Pyrantel pamoate first was introduced into veterinary practice as a broad-spectrum anthelmintic against pinworm, roundworm, and hookworm infections. Its effectiveness and lack of toxicity led to its trial against related intestinal helminths in humans. Oxantel pamoate, an m-oxyphenol analog of pyrantel, is effective for single-dose treatment of trichuriasis.
Antihelmintic Action. Pyrantel and its analogs are depolarizing neuromuscular blocking agents. They open nonselective cation channels and induce persistent activation of nicotinic acetylcholine receptors and spastic paralysis of the worm. Pyrantel also inhibits cholinesterases. Pyrantel is effective against hookworm, pinworm, and roundworm but is ineffective against T. trichiura, which responds to the analog oxantel.
ADME. Pyrantel pamoate is poorly absorbed from the GI tract, a property that confines its action to intraluminal GI nematodes. Less than 15% is excreted in the urine as parent drug and metabolites. The major proportion of an administered dose is recovered in the feces.
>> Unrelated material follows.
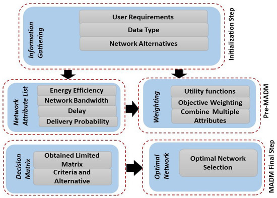 MADM algorithms have high accuracy and low difficulty. They capture different parameters (e.g., QoS, bandwidth, delay, data volume, cost, etc.) and select the most suitable network. There are many possible solutions for MADM problems. The whole process of network selection is shown below, in Figure 3.

Therapeutic Uses. Pyrantel pamoate is an alternative to mebendazole or albendazole in the treatment of ascariasis and enterobiasis. High cure rates are achieved after a single oral dose of 11 mg/kg, to a maximum of 1 g. Pyrantel also is effective against hookworm infections caused by A. duodenale and N. americanus, although repeated doses are needed to cure heavy infections by N. americanus. The drug should be used in combination with oxantel for mixed infections with T. trichiura. For pinworm, repeat the treatment after an interval of 2 weeks. In the U.S., pyrantel is sold as an over-the-counter pinworm treatment (PIN-X, others).
Precautions. Transient and mild GI symptoms occasionally occur, as do headache, dizziness, rash, and fever. Pyrantel pamoate has not been studied in pregnant women. Pyrantel pamoate and piperazine are mutually antagonistic with respect to their neuromuscular effects on parasites and should not be used together.